# Find f(67500)

#### anemone

##### MHB POTW Director
Staff member
Given that the function $f(x)$ is defined on the set of natural numbers, taking values from the natural numbers, and that it satisfies the following conditions:

(a) $f(xy)=f(x)+f(y)-1$ for any $x,y \in N$.

(b) the equality $f(x)=1$ is true for finitely many numbers.

(c) $f(90) = 5$

Find $f(67500)$.

#### MarkFL

Staff member
I have edited anemone's post to write $f(90)=5$ instead of $f(90)=6$. I helped her modify this problem from a past Olympiad problem, and I inadvertently gave her the wrong value. My apologies to everyone.

#### Klaas van Aarsen

##### MHB Seeker
Staff member
Given that the function $f(x)$ is defined on the set of natural numbers, taking values from the natural numbers, and that it satisfies the following conditions:

(a) $f(xy)=f(x)+f(y)-1$ for any $x,y \in N$.

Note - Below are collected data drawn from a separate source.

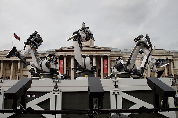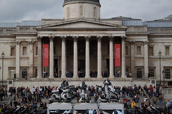 圖說:在國家藝廊前開闊的Trafalgar Square,由Audi贊助、Clemens Weisshaar & Reed Kram創作的大型工業機器人互動裝置Outrace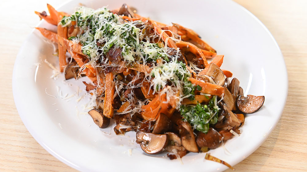 Картофель с грибами. Картофельный салат. Батат с шампиньонами и трюфельным маслом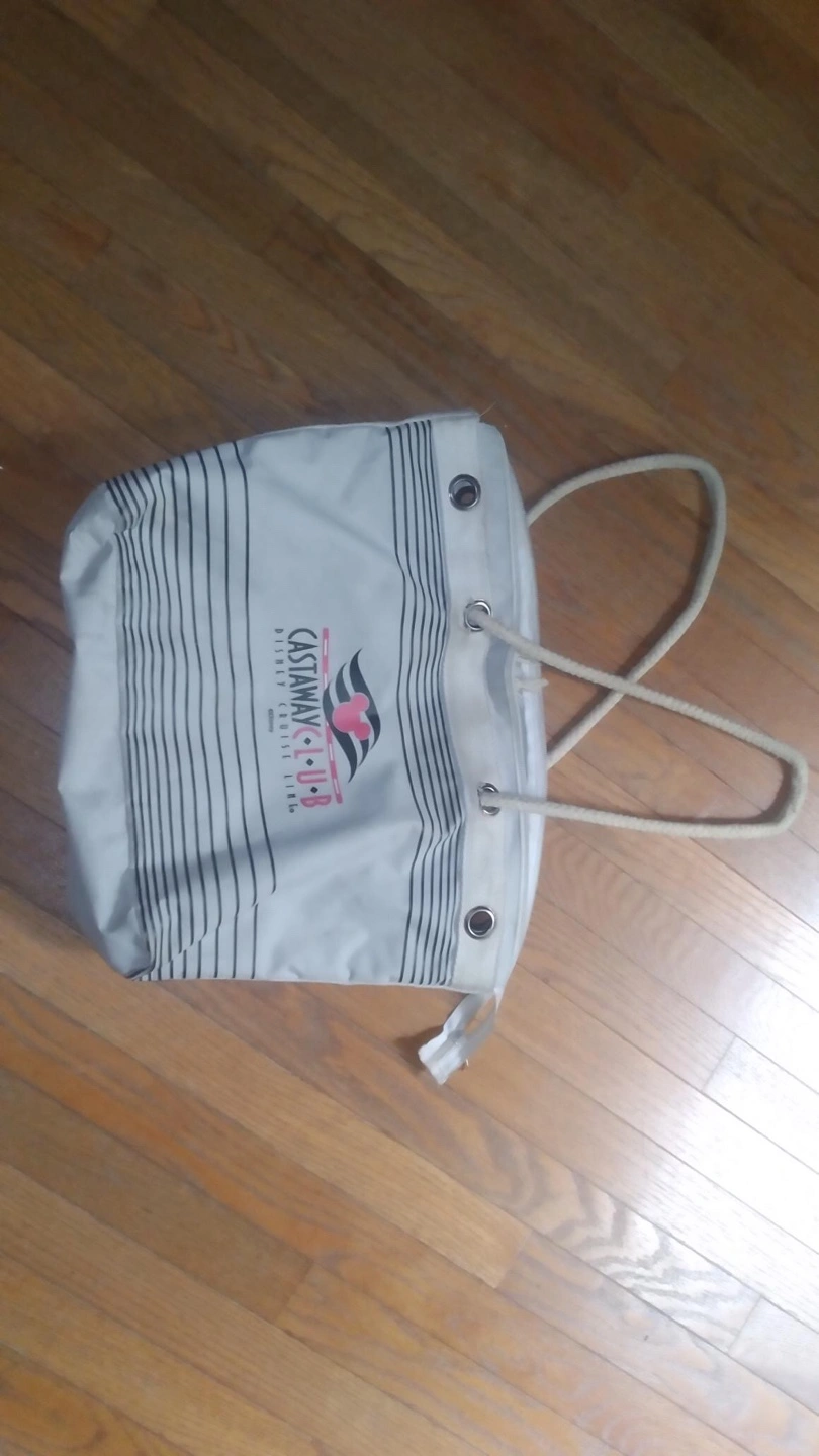 Selling a Disney Castaway Club tote bag! It's in ok condition and perfect for carrying your essentials. The bag features a white base with black stripes and the Castaway Club logo. It has rope handles and is a great souvenir from a Disney cruise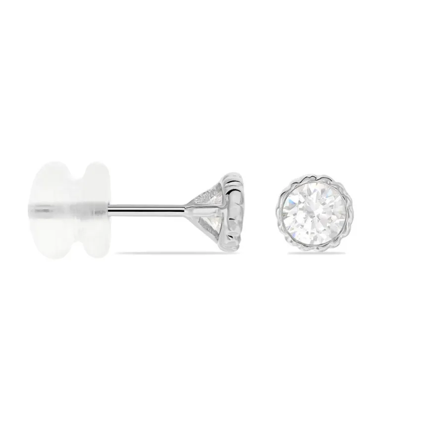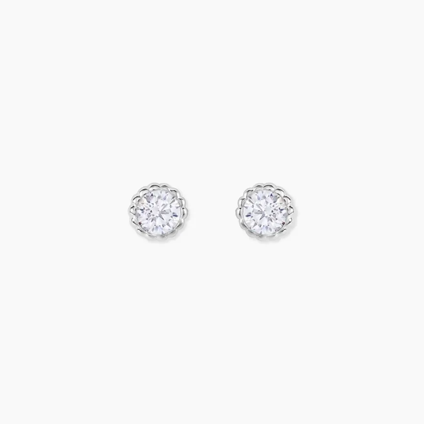Boucles D’oreilles Or Blanc 375/1000 Puces Oxydes De Zirconium Serti Clos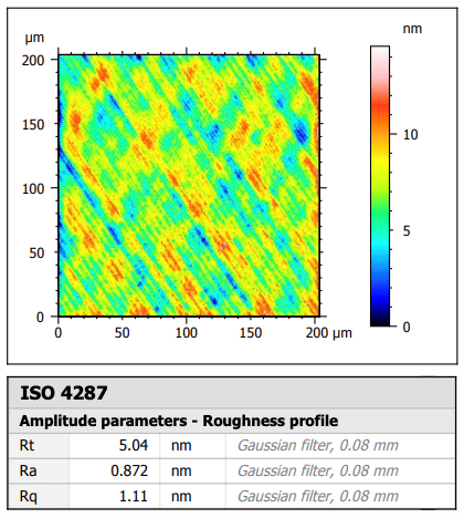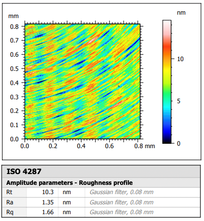 • Surface finish near center: 1.35 nm Ra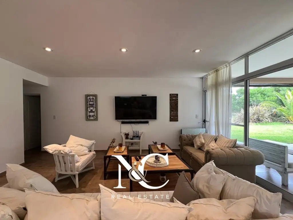 La propiedad cuenta con un living comedor , con cocina integrada, lavadero independiente. Tres dormitorios, dos de ellos en suite, y uno que comparte el baño con la parte social, posee tres baños completos. Un toilette en el exterior, que brinda comodidad para las reuniones o el uso de la pileta. Todos los ambientes están climatizados con aire acondicionado, asegurando el máximo bienestar durante todo el año.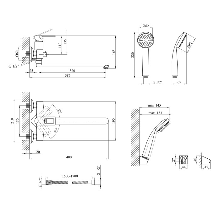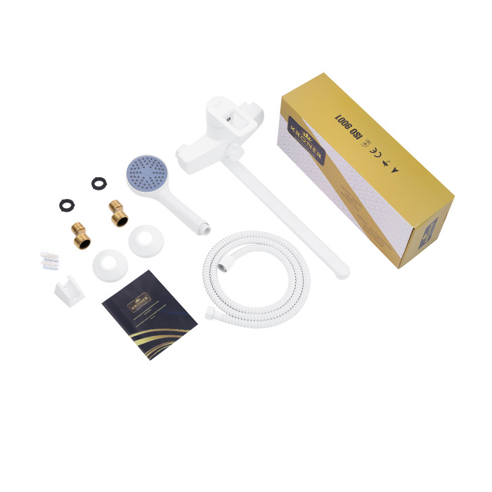 Змішувач, лійка для ручного душу, душовий шланг, кронштейн для ручного душу, кріплення, інструкція.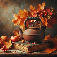A rustic teapot sits atop a stack of old books, surrounded by vibrant autumn leaves and clusters of berries. Warm tones and soft lighting create a cozy, nostalgic atmosphere.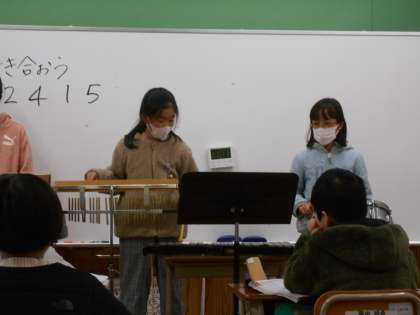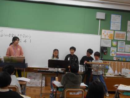 それぞれのグループがどんなリズムにしようか、どこでどんな音を出そうか考えて工夫しており、とても楽しい音楽になっていました。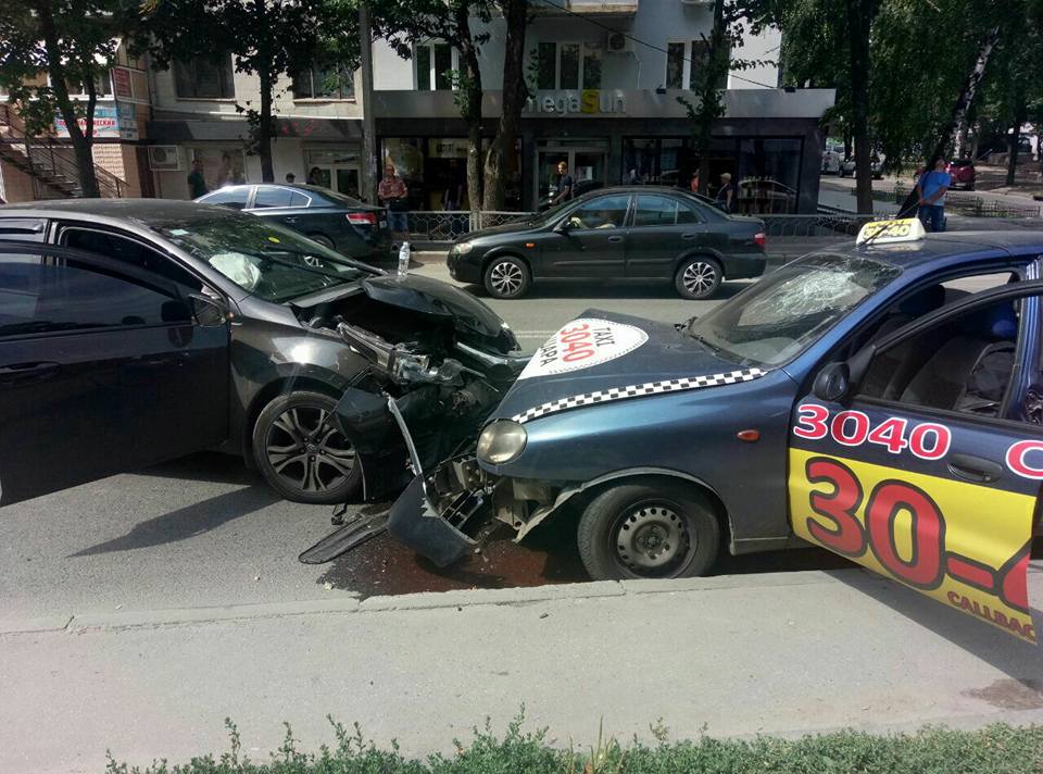 Как сообщили в пресс-службе патрульной полиции города, водитель автомобиля Daewoo Lanos, одной из службы такси города, двигался по улице Отакара Яроша со стороны улицы Деревянко в направлении проспекта Науки.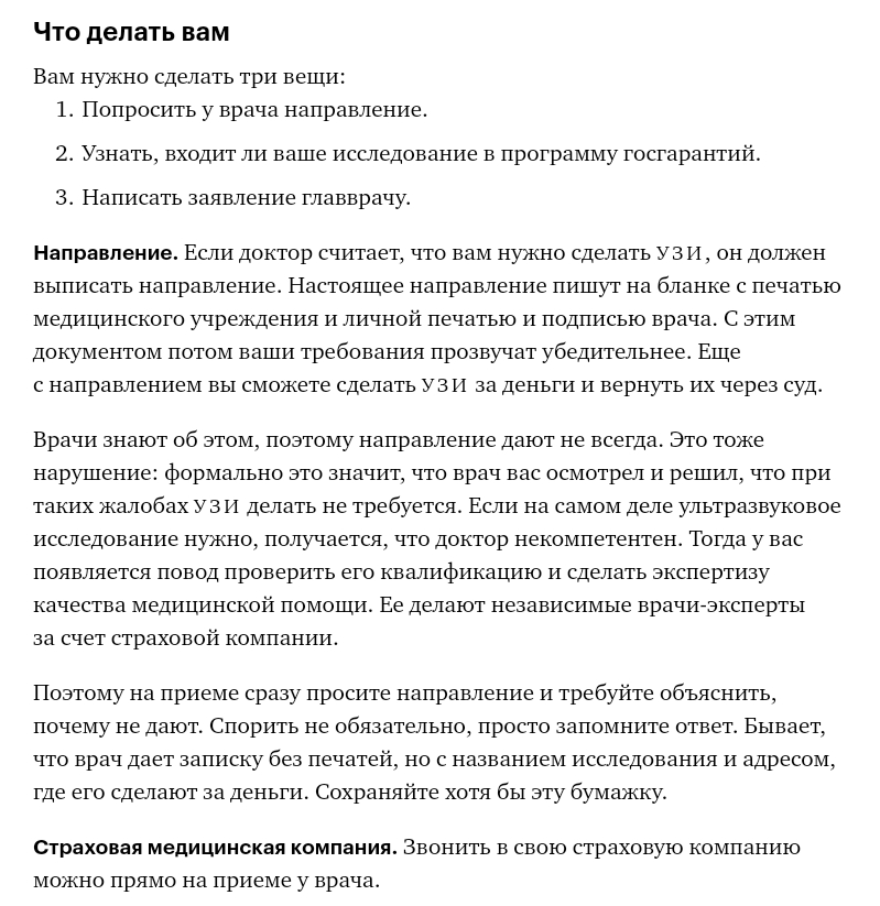 Пройти исследование платно и подать в суд иск с требованием возместить расходы. Этот вариант подходит еще и в том случае, когда человек сначала заплатил, а потом узнал, что можно было сделать бесплатно. Чтобы выиграть процесс, нужно иметь направление. Я не знаю случаев, чтобы кто-то судился из-за УЗИ, но суды по дорогим исследованиям, например МРТ, результат приносят. Обычно в итоге пациенту звонят из поликлиники со словами: «Подойдите в кассу».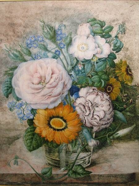 A still life study of flowers in a glass vase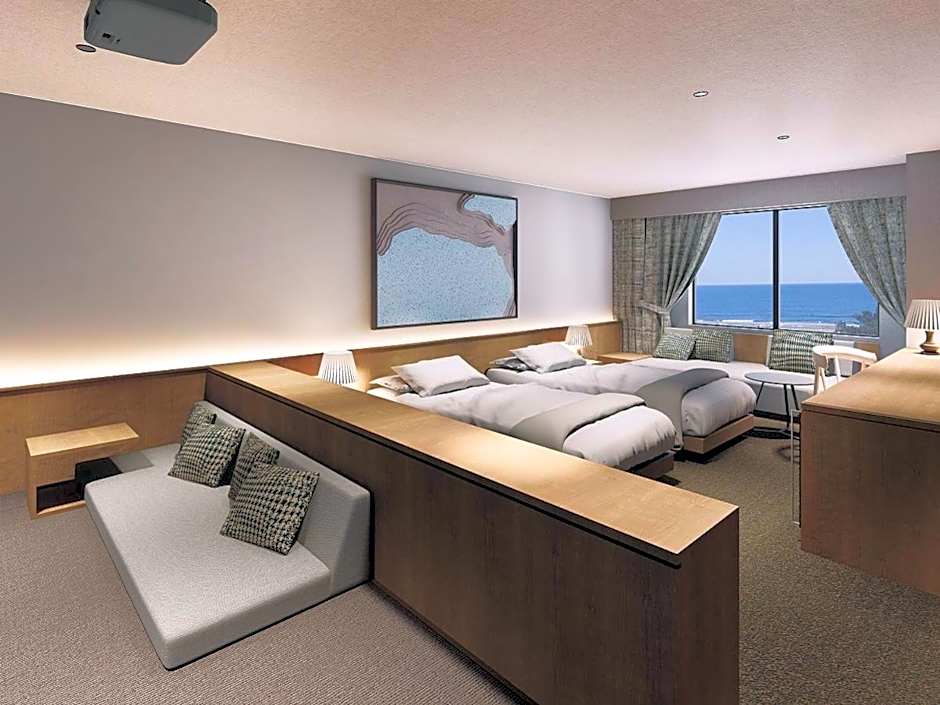 The spacious twin room provides air conditioning, an electric kettle, as well as a private bathroom featuring a bath and a shower. The twin room offers a sofa, yukata, heating, a flat-screen TV, as well as sea views. The unit offers 2 beds.

(b) the equality $f(x)=1$ is true for finitely many numbers.

(c) $f(90) = 5$

Find $f(67500)$.
Let me give it a try.

From (a) we find that $f(90) = f(2\cdot 3^2\cdot 5) = f(2) + 2f(3) + f(5) - 3$.
With (c) this yields:
$$f(2) + 2f(3) + f(5) - 3 = 5$$
$$f(2) + 2f(3) + f(5) = 8\qquad [1]$$

My lemma
Neither f(2), nor f(3), nor f(5) can be 1.
Proof
Suppose one of them is 1, say f(2), then $f(2^k) = kf(2) - k + 1=1$.
That means that infinitely many numbers x have f(x)=1.
This is a contradiction with (b).

Combining my lemma with [1] tells us that $f(2)=f(3)=f(5)=2$.

It follows from (a) that:
$f(67500)=f(2^2\cdot 3^3\cdot 5^4)=2f(2)+3f(3)+4f(5) - 8=2\cdot 2 + 3\cdot 2 + 4\cdot 2 - 8 = 10. \qquad \blacksquare$

#### topsquark

##### Well-known member
MHB Math Helper
Let me give it a try.

From (a) we find that $f(90) = f(2\cdot 3^2\cdot 5) = f(2) + 2f(3) + f(5) - 3$.
With (c) this yields:
$$f(2) + 2f(3) + f(5) - 3 = 5$$
$$f(2) + 2f(3) + f(5) = 8\qquad [1]$$

My lemma
Neither f(2), nor f(3), nor f(5) can be 1.
Proof
Suppose one of them is 1, say f(2), then $f(2^k) = kf(2) - k + 1=1$.
That means that infinitely many numbers x have f(x)=1.
This is a contradiction with (b).

Combining my lemma with [1] tells us that $f(2)=f(3)=f(5)=2$.

It follows from (a) that:
$f(67500)=f(2^2\cdot 3^3\cdot 5^4)=2f(2)+3f(3)+4f(5) - 8=2\cdot 2 + 3\cdot 2 + 4\cdot 2 - 8 = 10. \qquad \blacksquare$
Clever!

-Dan

#### anemone

##### MHB POTW Director
Staff member
Let me give it a try.

From (a) we find that $f(90) = f(2\cdot 3^2\cdot 5) = f(2) + 2f(3) + f(5) - 3$.
With (c) this yields:
$$f(2) + 2f(3) + f(5) - 3 = 5$$
$$f(2) + 2f(3) + f(5) = 8\qquad [1]$$

My lemma
Neither f(2), nor f(3), nor f(5) can be 1.
Proof
Suppose one of them is 1, say f(2), then $f(2^k) = kf(2) - k + 1=1$.
That means that infinitely many numbers x have f(x)=1.
This is a contradiction with (b).

Combining my lemma with [1] tells us that $f(2)=f(3)=f(5)=2$.

It follows from (a) that:
$f(67500)=f(2^2\cdot 3^3\cdot 5^4)=2f(2)+3f(3)+4f(5) - 8=2\cdot 2 + 3\cdot 2 + 4\cdot 2 - 8 = 10. \qquad \blacksquare$
Thank you for participating, I like Serena! And your answer is correct!

Clever!

-Dan
Indeed!